In [3]: %timeit np.random.normal(1000000000)

1.3 µs ± 26.2 ns per loop (mean ± std. dev. of 7 runs, 1000000 loops each)

Edit: and 2.5e17 in ~7.95 microseconds

In [5]: %timeit np.random.normal((500000000, 500000000))

7.95 µs ± 90.7 ns per loop (mean ± std. dev. of 7 runs, 100000 loops each)

3 comments

You might be misremembering the numpy.random api, since you appear to only be generating one or two random numbers in your tests.

I get results about 100x slower those of the article's CPU benchmark when using numpy on a 2019 MBP:

  python -m timeit -s 'import numpy as np; x = np.zeros(1000000)' -u msec 'np.random.normal(x)'
  10 loops, best of 5: 30.9 msec per loop
edit: I'm no python wizard myself, so I'm perfectly willing to believe that there's a better way to generate a random array in numpy than what I'm doing.
I don't think that is measured correctly: A CPU at 5GHz would take 0.2ns per cycle, how is it supposed to generate 1 billion (!) numbers in only 100x the time?
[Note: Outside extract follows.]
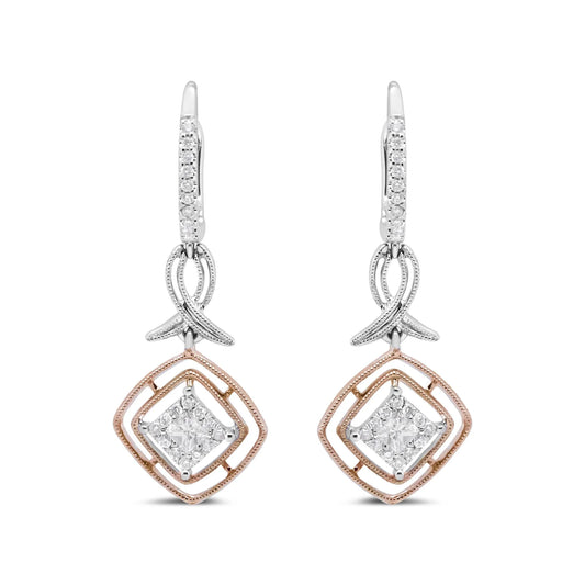 14K White and Rose Gold 1/2 Cttw Round and Princess-Cut Diamond Openwork Marquise Ribbon Dangle Earring (G-H Color, SI2-I1 Clarity)

Even if you had 64c/128t threadrippers in a dualsocket and this workload perfectly distributed, you'd only get within 100'000x the time of a single cycle. There's still a factor of 10'000 left.

You might want to try this one:

  np.random.normal(size=1000000000)
For size=1000 I get on my machine about 36 ns per number (total 36 µsecs). You probably measured for size=1 but a normal of 1 billion, not 1 billion numbers at a normal of 1.
Ah yes, thanks everyone for pointing out my mistake, I am not using the `size` parameter, so this is really only generating a single random number. My mistake!